– Ну да, я старею, – перебила его Марина. Она наконец обрела способность говорить. – И что с того?
– Нет, не в этом дело, – запротестовал художник. – Ты не можешь меня понять!
– Вы правы, Сергей Павлович, – кивнула она, кривя губы. – Не могу и не хочу. И слушать вас тоже не желаю. Наш сеанс закончен. Мне уже давно пора уходить.
Марина ушла за ширму, быстро переоделась. Хотела забрать платье с собой, но сверток получался слишком увесистым, и она махнула рукой. Ее душили гнев, сожаление, раскаяние. Потрясение Дориана Грея, заметившего первые изменения на своем портрете, были ничто в сравнении с ее муками. Природа одарила ее богатым воображением. Рассматривая эскизы, Марина как будто увидела воочию будущие рисунки, пока еще не написанные, на которых она была бы изображена отталкивающей безобразной старухой.
– Да как он смеет! – бормотала она сквозь зубы, которые стискивала, чтобы не расплакаться. – Жалкий старикашка! Бездарный мазила!
Выйдя из-за ширмы, она едва не сбила с ног старого художника, который стоял напротив с жалким виноватым видом.
– Марина! – попробовал он задержать ее. – Прости меня, я не хотел…
– Прощайте, Сергей Павлович, – скрипучим из-за стиснутых зубов голосом произнесла она. – Как вы понимаете, я к вам больше никогда не приду. Если вы все-таки когда-нибудь закончите мой портрет, пришлите его мне, пожалуйста, чтобы я смогла оплатить вашу работу.
Проговорив это, она почти выбежала из мастерской, захлопнув дверь, чтобы не слышать слабый голос старого художника, который все еще пытался ее в чем-то убедить. Громко стуча каблуками по каменным ступеням, Марина побежала вниз. Она даже не вспомнила про лифт. Лестница казалась ей бесконечной. Ступени мелькали под ногами. Слезы застилали глаза, погружая все вокруг в туманную дымку.
Глава 4
Марина смотрела на свои руки, лежавшие на руле. Пальцы дрожали. Выезжать в таком состоянии на дорогу казалось ей равносильным самоубийству. Ей нужно было время, чтобы успокоиться.
Чтобы ни о чем не думать, она включила радио. Шепелявый страдающий голос пел о тяжкой судьбе правильных пацанов, волею судьбы злодейки попавших под власть жестоких вертухаев. Марина поморщилась. Она не любила шансон. Но зато его обожал мэр их города, Макар Семенович, в молодые годы промышлявший рэкетом и имевший одну или две судимости, что не помешало ему впоследствии сделать политическую карьеру. А еще мэр питал нежные чувства к Марине и часто говорил ей, что охотно сделал бы еще одну ходку в зону, если бы знал, что на воле его будет ждать такая красотка, как она. Комплимент был весьма сомнительный, и однажды Марина ясно дала ему понять, что ее никогда не соблазнит подобная перспектива. Одна пощечина, распитая затем на двоих бутылка коньяка и откровенный разговор «по душам» охладили пыл мэра, и он уже никогда не распускал руки, а только подмигивал ей при встрече и тихонько напевал так, чтобы слышала только она «мурка, ты мой котеночек…». Против подобного проявления чувств Марина не протестовала, но шансон возненавидела окончательно и бесповоротно.

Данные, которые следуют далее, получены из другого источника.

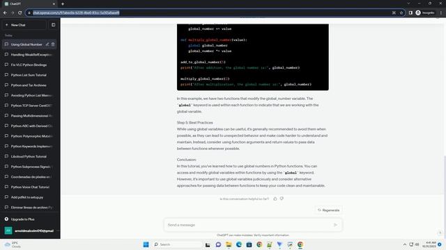 Title: Using Global Numbers in Python Functions Introduction: In Python, you can use global variables within functions by declaring them as 'global' within the function's scope. This allows you to work with and modify global variables from within a function. In this tutorial, we will discuss how to use global numbers in Python functions with code examples. Step 1: Defining a Global Number To use a global number in a Python function, you need to define the variable outside of any function. Here's an example of declaring a global number: Step 2: Accessing the Global Number Now, let's create a function that accesses the global_number variable: In this example, we've defined a function access_global_number that simply prints the value of the global_number variable. Step 3: Modifying the Global Number You can also modify the global_number within a function by using the global keyword. Here's an example: This code defines a function modify_global_number, which increments the global_number by 5. The global keyword is used to indicate that we want to modify the global variable. Step 4: Using Global Numbers in Multiple Functions You can use the global_number in multiple functions as long as you declare it as global within each function where you intend to modify it. Here's an example with two functions: In this example, we have two functions that modify the global_number variable. The global keyword is used within each function to indicate that we are working with the global variable. Step 5: Best Practices While using global variables can be useful, it's generally recommended to avoid them when possible, as they can lead to unexpected behavior and make code harder to understand and maintain. Instead, consider using function arguments and return values to pass data between functions whenever possible. Conclusion: In this tutorial, you've learned how to use global numbers in Python functions. You can access and modify global variables within functions by using the global keyword. However, it's important to use global variables judiciously and consider alternative approaches for passing data between functions to keep your code clean and maintainable. ChatGPT

А еще она потеряла всякое доверие к политической системе, позволяющей приходить к власти таким людям, как мэр их города или губернатор, по слухам, если и не ставший в свое время вором в законе, то занимавший высокую ступеньку на иерархической лестнице преступного сообщества. Об этом Марине рассказал ее муж, вынужденный платить дань за покровительство своему бизнесу сначала рэкетирам, а затем чиновникам, которые были, по его словам, одними и теми же людьми, только сменившими кожаные куртки на дорогие модные костюмы.
– А ты не плати, – сказала ему Марина. – Я же не плачу.
– Ты женщина, это совсем другое, – возразил он. – Тебя никто не принимает всерьез. Да и что с тебя взять? Копеечный бизнес.
Это было в самом начале ее предпринимательской деятельности, Марина только что открыла свою первую студию танца и начала зарабатывать деньги, которые казались ей огромными в сравнении с прежними грошовыми заработками танцовщицы. Она обиделась.
– Дело не в том, что я женщина, а в том, что у меня есть характер, – заявила она. – И все это знают. Я как необъезженный мустанг, которого никто не может оседлать, кроме того единственного наездника, которого он сам признает своим хозяином.
Помолчав, она добавила, не сумев скрыть презрительной нотки:
– Вообще-то я думала, что ты ничего и никого не боишься, потому и позволила себя оседлать. Образно говоря, конечно.